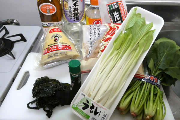 材料はこんな感じ。竹の子は、まだ季節には早いので、九州産の「ほりたてっこ」という水煮。便利な世の中を満喫。青みが欲しいので、ほうれん草にしようかと思いましたが、山形の「うるい」という山菜が売っていたので、そちらにしようかと迷っています。
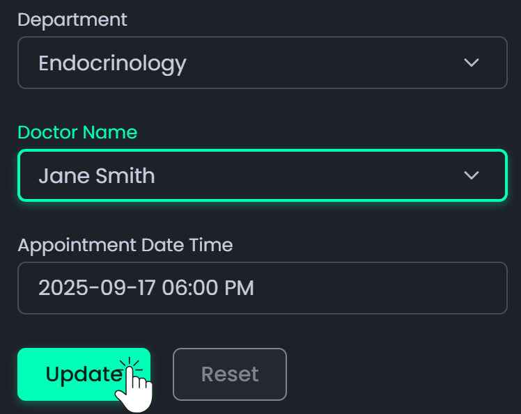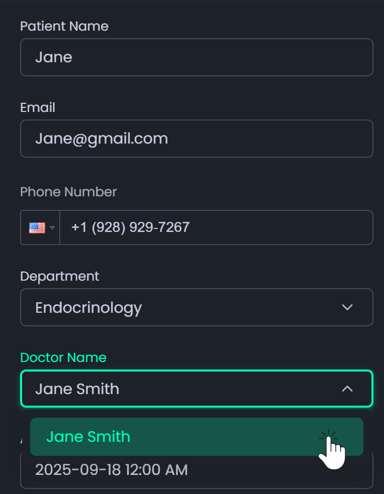 - To view booked appointments, click the patient name (displayed in the doctor’s assigned color). A form will appear showing appointment details where you can:
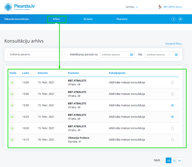Sadaļā “Arhīvs” ir iespējams apskatīt paveiktas konsultācijas.
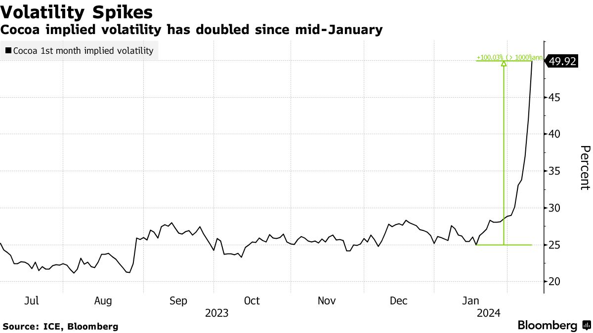 交易商纷纷涌入可可期权市场,随着期货价格飙升至创纪录水平-彭博社
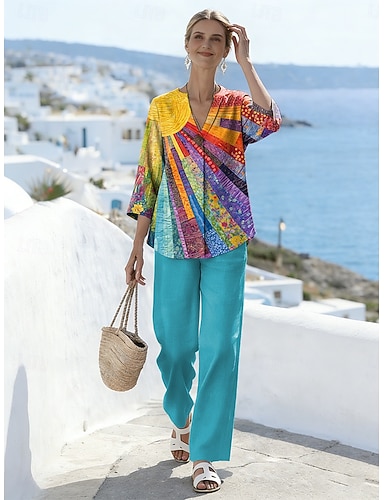 Mulheres Conjuntos de duas peças Conjuntos de calças Bolero Top Manga 3/4 Decote V Gráfico Geométrica Imprimir Diário à moda Casual Diário Praia Azul Amarelo Roxo Verão Ajuste Largo
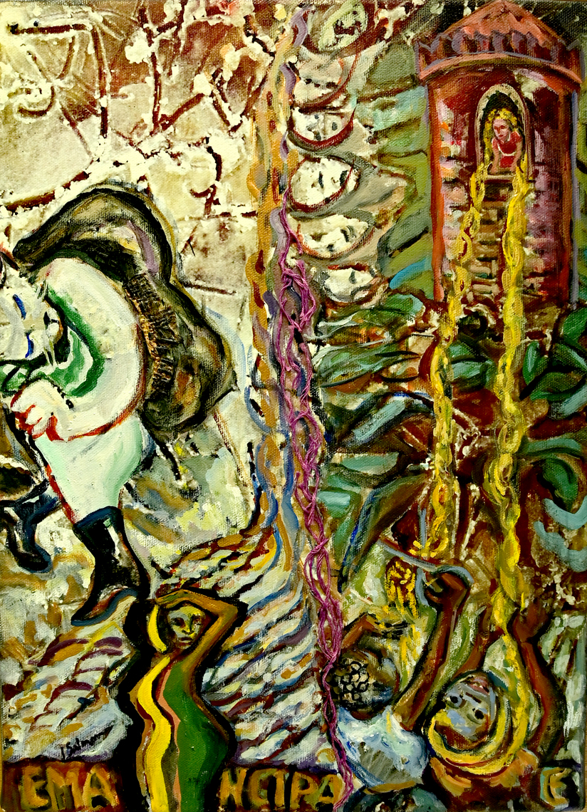 Acrylic and collage on canvas, 40.6x30.5 cm
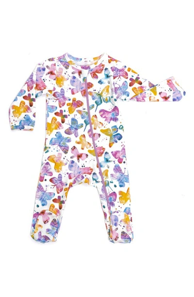 Babies' Butterfly Print Organic Cotton Footie In White/ Purple
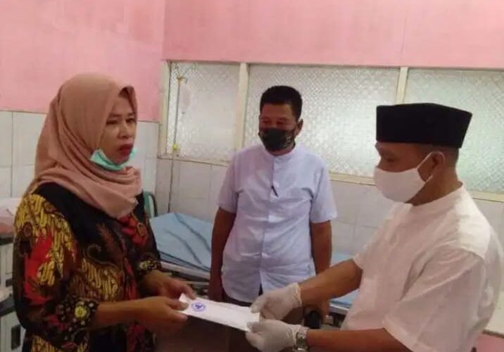 PIRNAS.COM | LABUHANBATU – Camat Rantau Utara, Turing Ritonga bersama Baznas kabupaten Labuhanbatu memberikan bantuan untuk warga yang diduga menderita tumor, Sabtu, (9/5/2020).
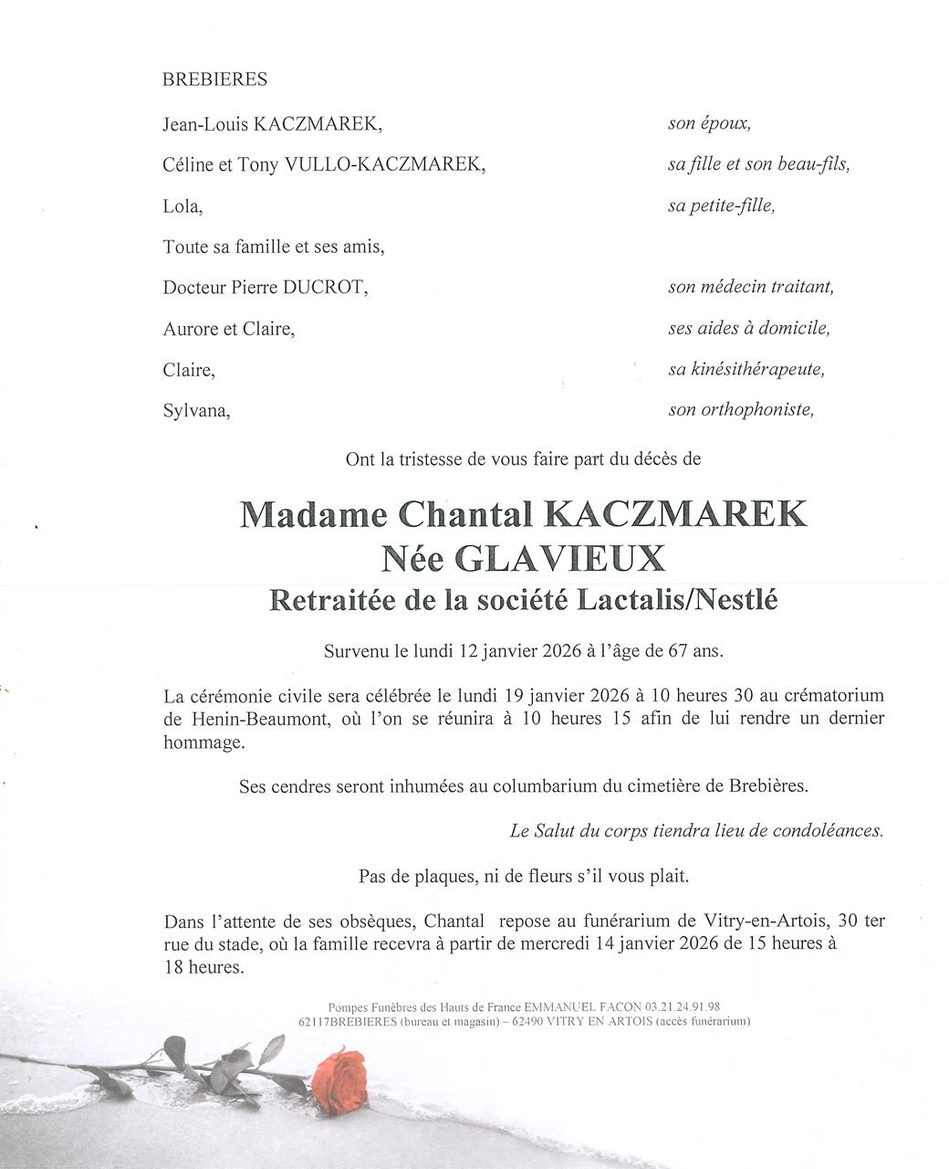 Décédée à Brebières (62117, France) le lundi 12 janvier 2026 à l'âge de 67 ans
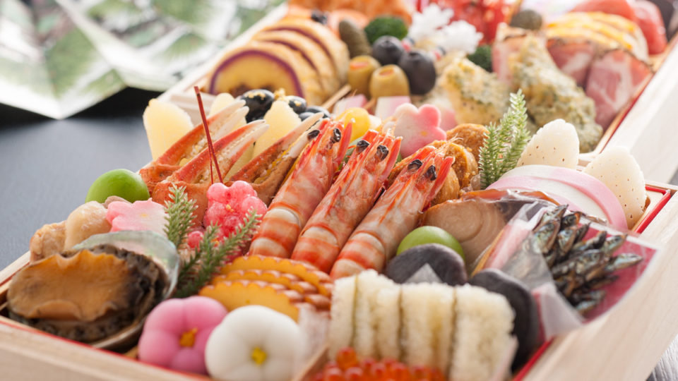 商売繁盛の神様として知られる「えびす様」の総本社、西宮神社のお膝元にある「漬新」 がえびす様にちなんだおせちを謹製させていただきました。
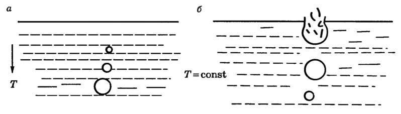 Механизм кипения: в жидкости всегда имеется растворенный газ, степень растворения которого понижается с ростом температуры. Кроме того, на стенках сосуда имеется адсорбированный газ. При нагревании жидкости снизу (рис. 4) газ начинает выделяться в виде пузырьков у стенок сосуда. В эти пузырьки происходит испарение жидкости. Поэтому в них, кроме воздуха, находится насыщенный пар, давление которого с ростом температуры быстро увеличивается, и пузырьки растут в объеме, а следовательно, увеличиваются действующие на них силы Архимеда. Когда выталкивающая сила станет больше силы тяжести пузырька, он начинает всплывать. Но пока жидкость не будет равномерно прогрета, по мере всплытия объем пузырька уменьшается (давление насыщенного пара уменьшается с понижением температуры) и, не достигнув свободной поверхности, пузырьки исчезают (захлопываются) (рис. 4, а), вот почему мы слышим характерный шум перед закипанием. Когда температура жидкости выравняется, объем пузырька при подъеме будет возрастать, так как давление насыщенного пара не изменяется, а внешнее давление на пузырек, представляющее собой сумму гидростатического давления жидкости, находящейся над пузырьком, и атмосферного, уменьшается. Пузырек достигает свободной поверхности жидкости, лопается, и насыщенный пар выходит наружу (рис. 4, б) — жидкость закипает. Давление насыщенного пара при этом в пузырьках практически равно внешнему давлению.

##############################

#### [THE PROBLEM]
Would you copy out, exactly and with no pictures, only the lines above from the one that contains "Mulheres Conjuntos de" through the one that contains "Babies' Butterfly Print"?

#### [SOLVED EXERCISE]
 Mulheres Conjuntos de duas peças Conjuntos de calças Bolero Top Manga 3/4 Decote V Gráfico Geométrica Imprimir Diário à moda Casual Diário Praia Azul Amarelo Roxo Verão Ajuste Largo
 Acrylic and collage on canvas, 40.6x30.5 cm
 Babies' Butterfly Print Organic Cotton Footie In White/ Purple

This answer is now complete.